**Task objective**
Needed from the data below: every line from the one with "Краска моющаяся интерьерная" up to and including the one with "Bis aller Voraussicht", repeated exactly and with nothing else.

**Listed entries**

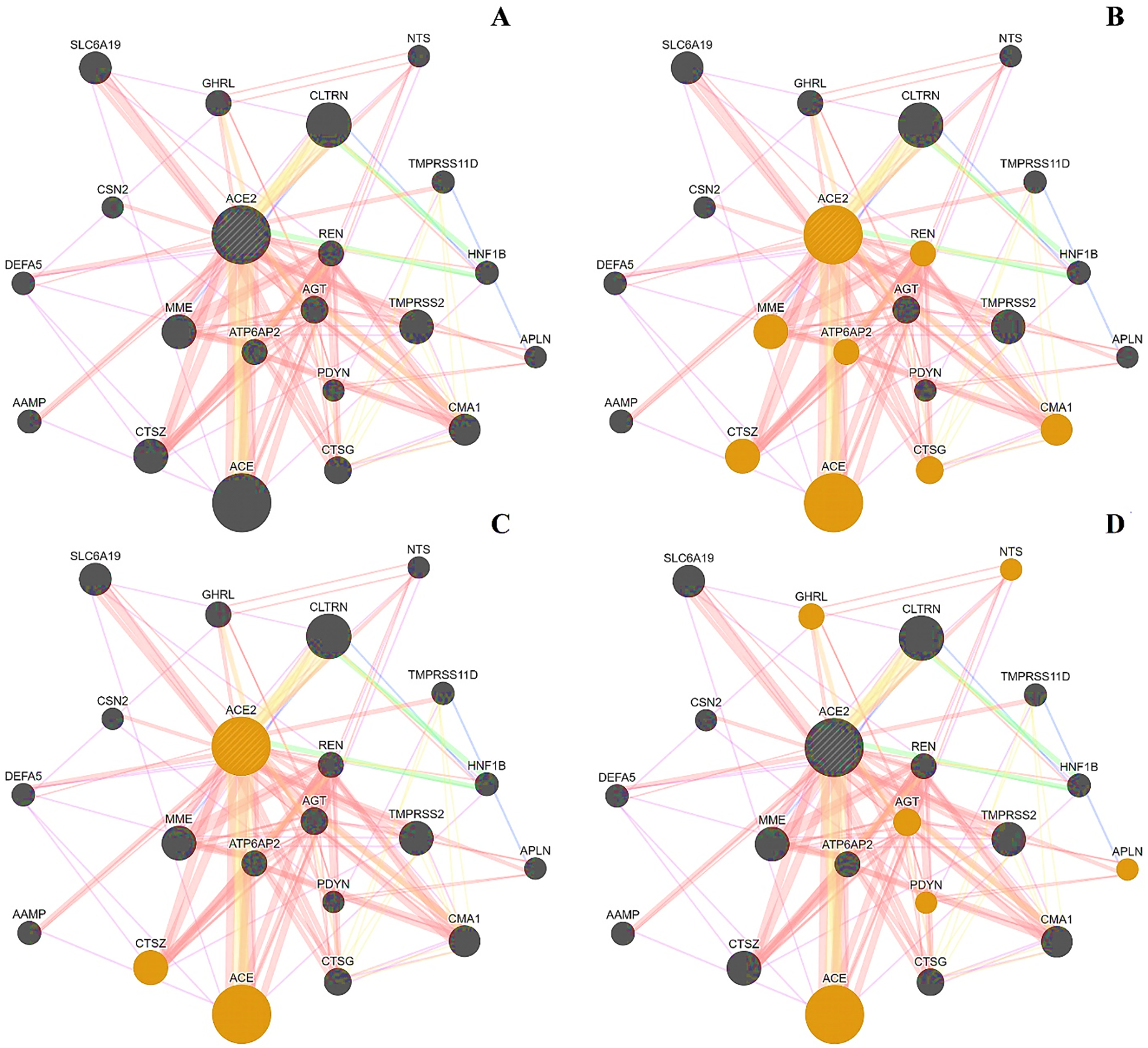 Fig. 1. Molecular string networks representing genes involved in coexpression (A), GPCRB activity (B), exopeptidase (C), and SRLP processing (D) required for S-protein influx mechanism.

...

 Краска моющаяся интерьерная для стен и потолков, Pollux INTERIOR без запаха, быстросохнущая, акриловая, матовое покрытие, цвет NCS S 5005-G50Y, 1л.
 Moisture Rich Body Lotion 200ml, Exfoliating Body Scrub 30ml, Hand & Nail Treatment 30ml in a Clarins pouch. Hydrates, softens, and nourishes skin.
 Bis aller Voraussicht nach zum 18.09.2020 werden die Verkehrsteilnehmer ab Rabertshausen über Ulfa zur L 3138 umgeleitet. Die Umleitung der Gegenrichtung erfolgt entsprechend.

**Answer box**
 Краска моющаяся интерьерная для стен и потолков, Pollux INTERIOR без запаха, быстросохнущая, акриловая, матовое покрытие, цвет NCS S 5005-G50Y, 1л.
 Moisture Rich Body Lotion 200ml, Exfoliating Body Scrub 30ml, Hand & Nail Treatment 30ml in a Clarins pouch. Hydrates, softens, and nourishes skin.
 Bis aller Voraussicht nach zum 18.09.2020 werden die Verkehrsteilnehmer ab Rabertshausen über Ulfa zur L 3138 umgeleitet. Die Umleitung der Gegenrichtung erfolgt entsprechend.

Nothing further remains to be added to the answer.